If you have gone through the refinance or purchase process in the past couple of years, you would have undoubtedly seen (and signed) the IRS 4506-T form at least two times, sometimes more.
The 4506-T gives the lender authorization to request a copy of your tax return transcripts directly from the IRS. The transcript is a shortened version of your tax returns, and the purpose of receiving it is to match up the income you filed with what you claim on your application and income proof you provide.
This is usually not a problem, but there are some instances where it can cause last minute hiccups. For instance:
- If you are salaried and provided paystubs and W2s but not tax returns: If you have but did not disclose any 2106 expenses (“unreimbursed business expenses”), Schedule C (“Profit or Loss from Business”) or Schedule E (“Supplemental Income and Loss, i.e. from rental properties, royalties or partnerships), this is going to show up on the audit and the lender will question why you did not disclose it, and then your qualifying ratio will have to be rerun according to the new information.
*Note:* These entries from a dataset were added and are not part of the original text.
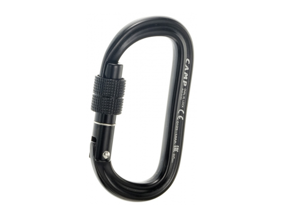 Овальный карабин черного цвета c завинчивающейся муфтой, специально разработанный для использования с механическими устройствами и роликами. Увеличенный размер, широкое раскрытие и большая разрывная нагрузка.
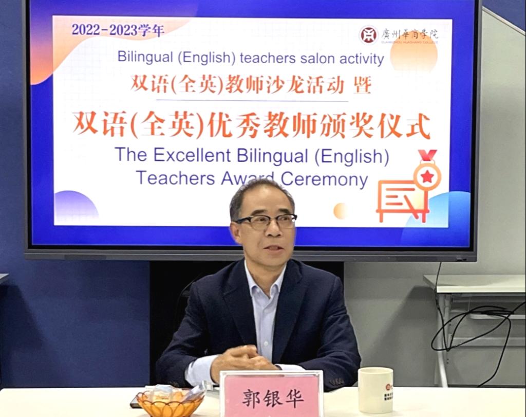 4月25日,我校国际教育发展委员会成功举办了双语(全英)教师沙龙暨2022-2023学年优秀双语(全英)教师颁奖仪式。广州华商学院郭银华执行校长,国际交流与合作处王文忠处长,教务处黄静萍副处长以及部分双语(全英)教师出席了此次活动。
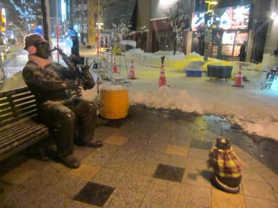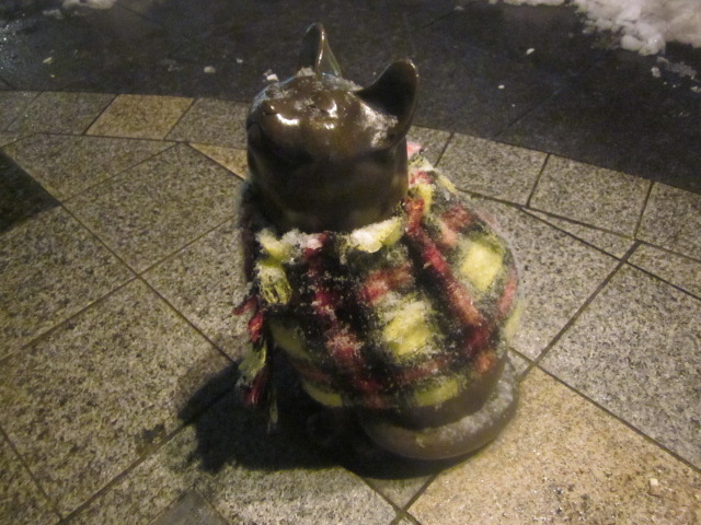 雪国の人物像などでは結構ありがちな話だと思いますが、冬季にマフラーやニット帽、耳当てなどを着用した姿を見て、ほっこりとした気持ちになることがあります。今回はこの旭川の買物公園通りのシンボル的な、サックス吹きのおっさんと猫の像を通りすがりで眺めてみると、おっさんの方は、ピンクの耳あてにピンクのマフラー、猫ちゃんの方にも、上半身をすっぽりと包み込む外套を着用していて、誰がこういうことやっているんだろうなぁ~、なんて、ちょっと笠地蔵の昔話などを思い出しながら、作ってくれた人に幸あれ、と願いつつ、温かい気持ちになって像を眺めることが出来ました。
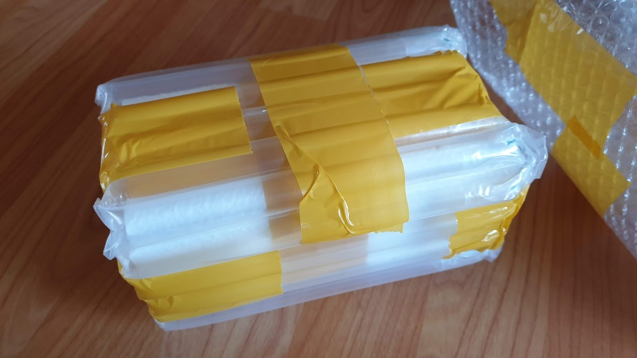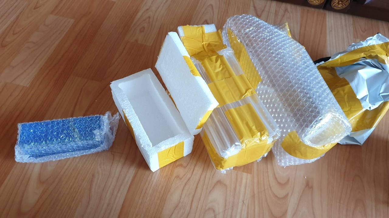 칼질을 해서 에어캡을 벗긴다.
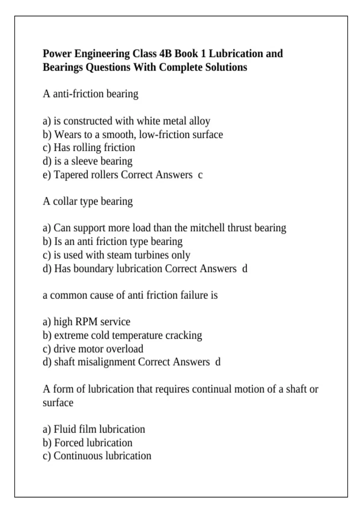 Power Engineering Class 4B Book 1 Lubrication and Bearings Questions With Complete Solutions
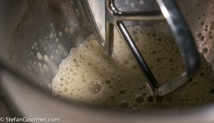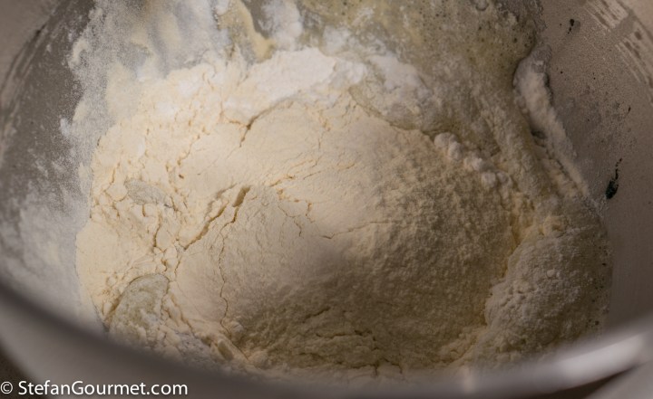 Now add the flour, and mix with the paddle attachment until it comes together. You may need to add some water or flour; click here for a full explanation of how to make pasta dough with a stand mixer.
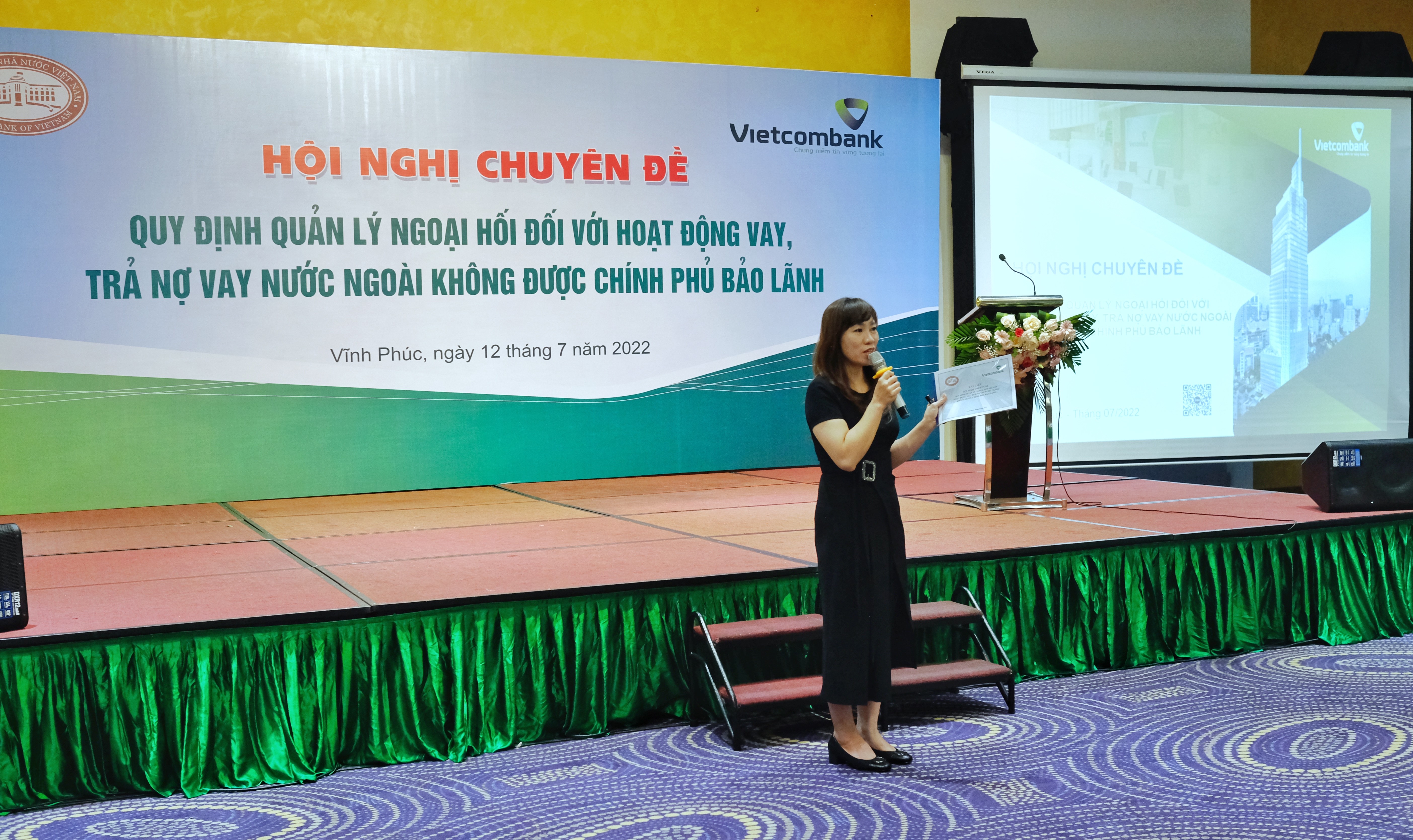 Hội nghị diễn ra thành công, được các doanh nghiệp FDI trên địa bàn quan tâm và đánh giá cao, góp phần giúp cho các khách hàng FDI của chi nhánh hiểu và nắm rõ hơn các quy định quản lý ngoại hối với hoạt động vay, trả nợ vay nước ngoài không được Chính phủ bảo lãnh, qua đó có thể áp dụng phù hợp với hoạt động kinh doanh của doanh nghiệp mình, đồng thời tránh được những rủi ro, vi phạm có thể gặp phải trong hoạt động này.

- If you are self-employed or incorporated and tax returns were provided: If you file your returns with the IRS and the income is needed or used for qualifying, the lender must be able to verify it with the transcript. The IRS can often take many weeks to log in your filed returns, so this can potentially delay a closing. This is pertinent if you need the most recent returns’ income for qualifying purposes.
The 4506-t has been around for many years. In the past (prior to the credit crunch), some lenders would ask for it to be signed, but not all. They usually did not go as far as actually requesting the transcript from the IRS though; they only had it on hand and would audit one out of many hundreds of loan applications. Now they are diligent about auditing income, no matter how golden the loan package may be. As a result, mortgage fraud based on income has decreased substantially.